Visitas

terça-feira, junho 21, 2005

« ADEUS

Já gastámos as palavras pela rua, meu amor,
e o que nos ficou não chega
para afastar o frio de quatro paredes.
Gastámos tudo menos o silêncio.
Gastámos os olhos com o sal das lágrimas,
gastámos as mãos à força de as apertarmos,
gastámos o relógio e as pedras das esquinas
em esperas inúteis.
Meto as mãos nas algibeiras e não encontro nada.
Antigamente tínhamos tanto para dar um ao outro;
era como se todas as coisas fossem minhas:
quanto mais te dava mais tinha para te dar.
Às vezes tu dizias: os teus olhos são peixes verdes.
E eu acreditava.
Acreditava,
porque ao teu lado
todas as coisas eram possíveis.
Mas isso era no tempo dos segredos,
era no tempo em que o teu corpo era um aquário,
era no tempo em que os meus olhos
eram realmente peixes verdes.
Hoje são apenas os meus olhos.
É pouco mas é verdade,
uns olhos como todos os outros.
Já gastámos as palavras.
Quando agora digo: meu amor,
já não se passa absolutamente nada.
E no entanto, antes das palavras gastas,
tenho a certeza
de que todas as coisas estremeciam
só de murmurar o teu nome
no silêncio do meu coração.
Não temos já nada para dar.
Dentro de ti
não há nada que me peça água.
O passado é inútil como um trapo.
E já te disse: as palavras estão gastas.
Adeus.»

Eugénio de Andrade

7 comentários:

último! disse...

Guida ainda uns posts atrás estavas apaixonada e agora acabou mas a vida continua!!
Mas não chegaste a dizer o nome do gajo? eheheh

último! disse...
Este comentário foi removido por um gestor do blogue.
Anónimo disse...

deixa lá Gui..azar ao amor sorte ao Jogo!

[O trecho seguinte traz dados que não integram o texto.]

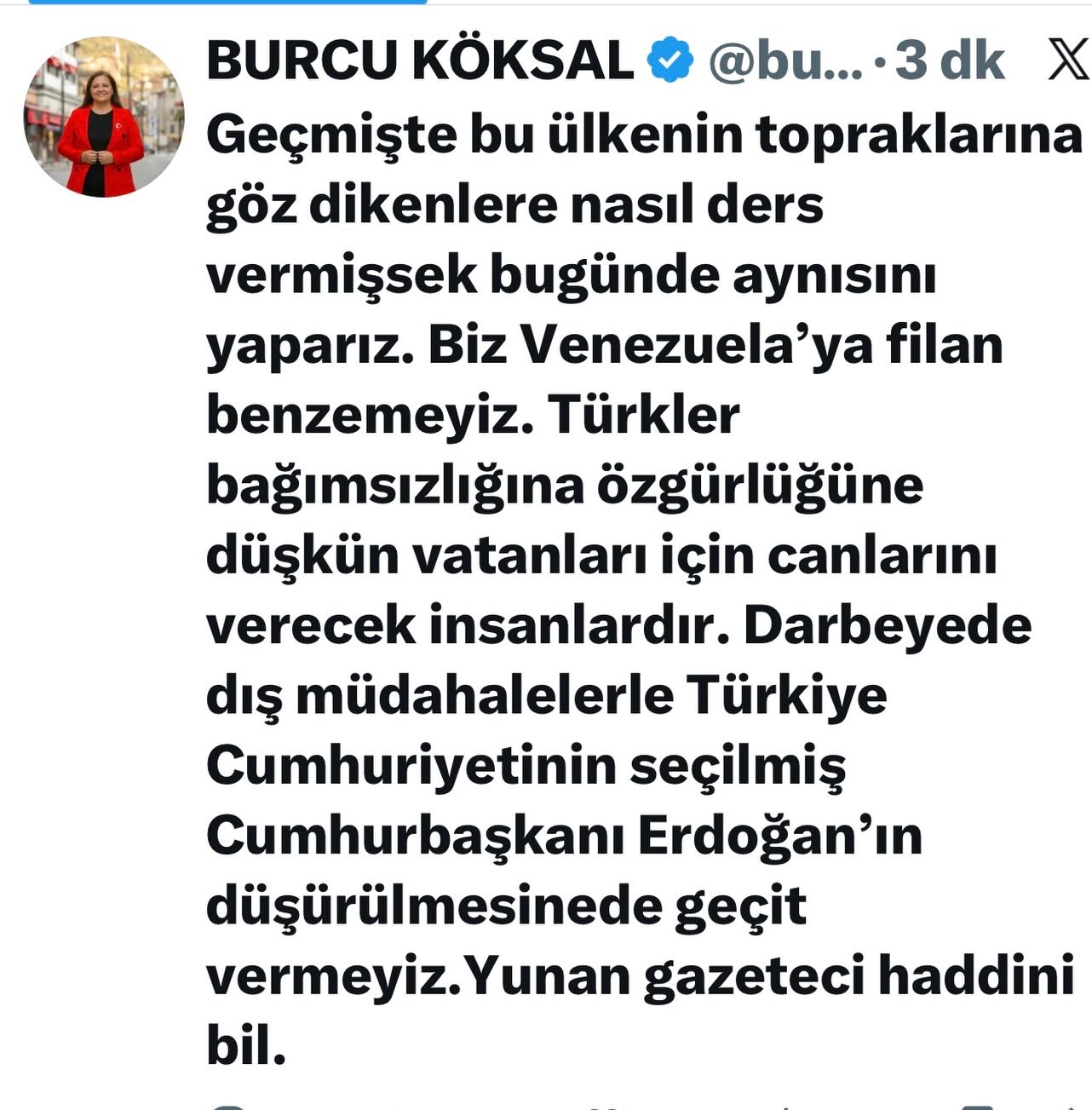 Başkan Köksal, sosyal medya hesabından bir paylaşım yaparak, Türkiye’nin bağımsızlığına ve demokratik iradesine yönelik her türlü dış müdahaleye karşı net ve sert bir duruş sergiledi. Başkan Köksal, Türkiye’nin tarih boyunca bağımsızlığına sahip çıkan bir millet olduğunu vurgulayarak, ülkenin başka devletlerle ya da senaryolarla kıyaslanamayacağını ifade etti. Başkan Köksal, paylaşımında şu ifadelere yer verdi: “Geçmişte bu ülkenin topraklarına göz dikenlere nasıl ders vermişsek bugün de aynısını yaparız. Biz Venezuela’ya filan benzemeyiz. Türkler bağımsızlığına, özgürlüğüne düşkün, vatanları için canlarını verecek insanlardır. Darbeye de dış müdahalelerle Türkiye Cumhuriyeti’nin seçilmiş Cumhurbaşkanı Erdoğan’ın düşürülmesine de geçit vermeyiz. Yunan gazeteci haddini bil.” >>>Haber Merkezi

Margarida Batista disse...

Assim torna-se difícil, gajos.... Tenho de explicar sempre tudo?? O que publico não tem necessariamente a ver comigo, aliás quase nunca tem... chama-se FICÇÃO, capice?

Este post é uma homenagem ao grande Eugénio de Andrade que faleceu na semana passada. Vem mesmo a propósito pois o poema chama-se "Adeus". É a minha humilde forma de despedida. Há muitos anos que leio este poema e nunca deixo de o considerar uma obra de arte.

Se alguém me perguntar quem foi o Eugénio de Andrade, junte uma faca para eu espetar no coração sim?

último! disse...

Oh Guida o Eugénio, eu sei quem foi, agora o gajo é que continuo a espera de saber quem é?
Conta, conta!?

Margarida Batista disse...

Por muito belo que fosse o suposto fulano não seria decerto merecedor de tão belas palavras

Anónimo disse...

Mais nada!!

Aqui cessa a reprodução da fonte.